Outside of work, Phoebe loves history, languages, animals and the outdoors. Together with her partner, she offers support services for Latin American migrants in New Zealand.
Phoebe has a Conjoint Bachelor of Arts and Commerce in Marketing (Market Research), International Business and Spanish.
Artificial Intelligence (AI) opens up exciting opportunities in assessment and learner support. However, its successful use depends on understanding and addressing common misconceptions – both those held by learners and educators. This article explores four common misconceptions relating to the use of AI for assessments, as well as what education providers can do to manage them.
This article is the ninth in a series titled “AI in Education”, aimed at education providers interested in AI. The intention is for this series to act as a beginner’s guide to the use of AI in education, with a particular focus on AI agents. This series is being developed as part of a project to develop an AI agent for learner oral assessment, funded by the Food and Fibre Centre of Vocational Excellence (FFCoVE). We invite you to follow along as we (Scarlatti) document our learnings about this exciting space.
Note that this article reflects the views of Scarlatti as of May 2025. They do not necessarily represent the views of the Food and Fibre Centre of Vocational Excellence.
Some think that AI systems are neutral and objective, assuming they do not carry bias. Others think that AI is highly biased.
In practice, the level of bias is somewhere in the middle, but improving. This is because AI systems reflect the data that they are trained on - including any historical biases within that data (Wellner, 2020) and how they are aligned. These systems can also lack understanding of Indigenous knowledge such as Mātauranga Māori, as they’re usually trained on data from dominant Western contexts (Ministry of Education, 2024). This means that the way that individual AI systems are designed and trained directly impacts whether its models produce biased or non-biased outputs.
As of May 2025, audits show that the newest large language models display smaller but still measurable demographic biases. Armstrong et al. (2024) documented sizable gender and race gaps in GPT-3.5. A more recent multi-model audit by Gaebler et al. (2025) finds that overt hiring-style gender preferences are now only a few percentage points, indicating progress, though not full elimination. Meanwhile, subtler stereotype and intersectional effects persist, as shown by Bai et al. (2025) and Salinas et al. (2025). We suggest that it remains essential to consult the newest evaluations for each model and to run context-specific audits before deploying an agent.
Some believe that AI outputs are always accurate and reliable. While others believe that AI is useless for assessments.
Like misconception 1, the reality is somewhere in the middle of these misconceptions. AI’s accuracy (and therefore its useability) largely depends on the quality of the training data and the design of the model. Over the last year, AI models have only gotten more accurate, with notable improvements seen in the quality of training data and algorithmic efficiency.

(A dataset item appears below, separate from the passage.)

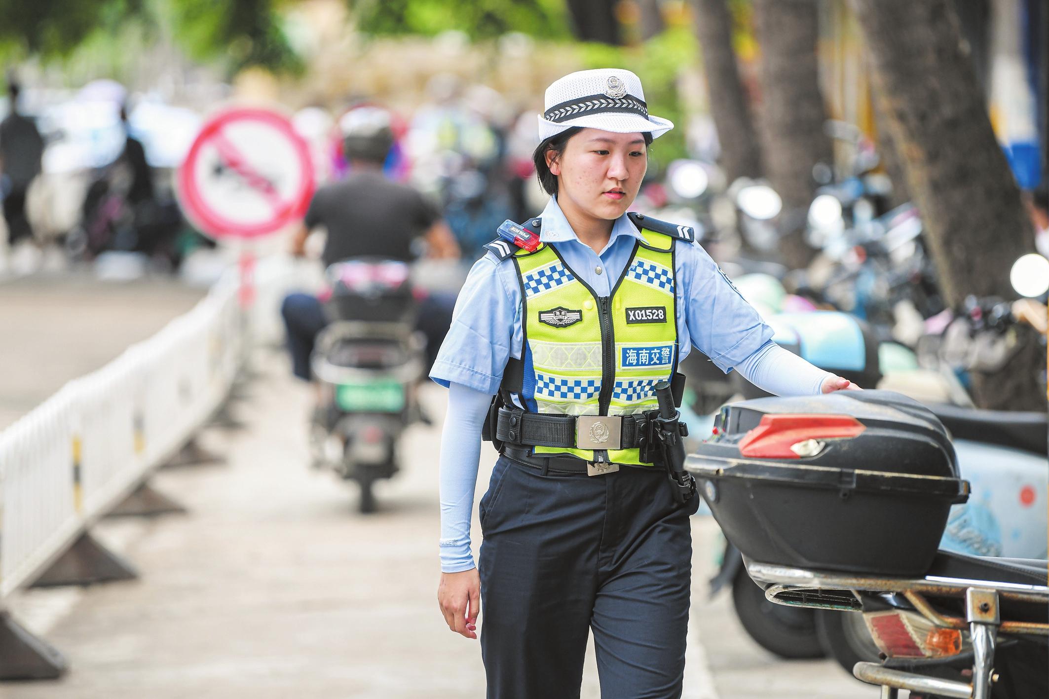 6月8日,在海南中學(xué)高中部考點(diǎn),交警正在檢查考點(diǎn)附近的電動(dòng)自行車(chē)警報(bào),為英語(yǔ)考試營(yíng)造安靜的環(huán)境。記者 蘇弼坤 攝

During our oral assessment agent pilots, we found that tutors agreed with the AI grade at least 94% of the time. The most common cause of AI giving incorrect grades or feedback has been when there is vagueness or missing information in the original content used to prompt the AI (in our case, grading rubrics, course content and past answers). However, there are likely still differences between an AI grader and a human grader. For example, a human teacher can adjust for context, learning needs, or misunderstandings, and reward points for originality, insight or learner improvement over time.
Users worry that AI systems will automatically collect and misuse their personal data during their assessment.

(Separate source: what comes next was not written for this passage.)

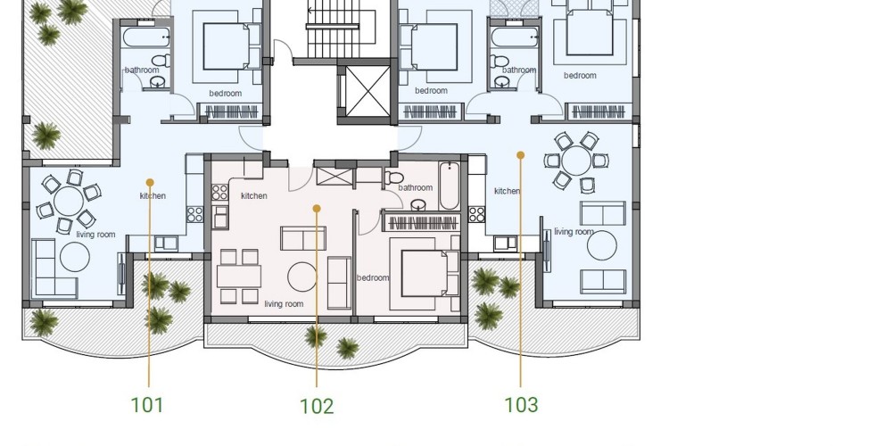 Квартиры с одной и двумя спальнями различаются по размеру, что позволяет клиентам выбирать. Небольшое количество квартир в каждом блоке (A и Б) создает среди жильцов чувство общности, а также обеспечивает конфиденциальность и безопасность.

As of May 2025, most AI models now offer control over data sharing. For example, Claude does not use user data for training by default. ChatGPT allows users to opt-out in its settings. Scarlatti’s agent has been built using a secure API connection to OpenAI models, which do not use user data for training by default. Despite this, we acknowledge that there are misconceptions (and therefore concerns) about OpenAI’s use of data.
AI is only used to convert existing assessments into a new format (e.g., written to oral) to reduce costs.

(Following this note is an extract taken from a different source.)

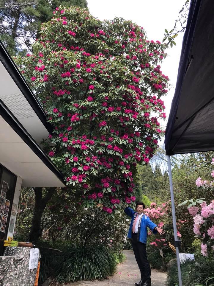 しゃくなげの森入口の樹齢70年のシャクナゲ、満開が近づいています。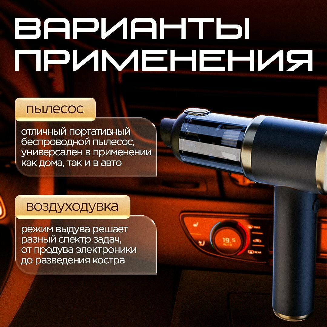 Пылесос для автомобиля мощный беспроводной 2 в 1 с режимом воздуходувки информация:

While AI can reformat content (e.g., turning a written quiz into a voice-based quiz) to reduce costs, we think its greatest potential is in reimagining assessment. Oral AI allows for assessments that are more dynamic, conversational, and aligned to the real-world skills we want learners to build — such as verbal reasoning, negotiation, and critical reflection.
There are a number of misconceptions around AI in education, which may influence whether you want to adopt AI or not. Importantly, these misconceptions are evolving, as a result of the AI models themselves changing, but also our shared understanding of them – whether fuelled by evidence or not. It is highly likely that shortly after publishing this article, the situation will change all over again.
Questions that we are asking for our own AI agent:
Interested in following our journey into AI?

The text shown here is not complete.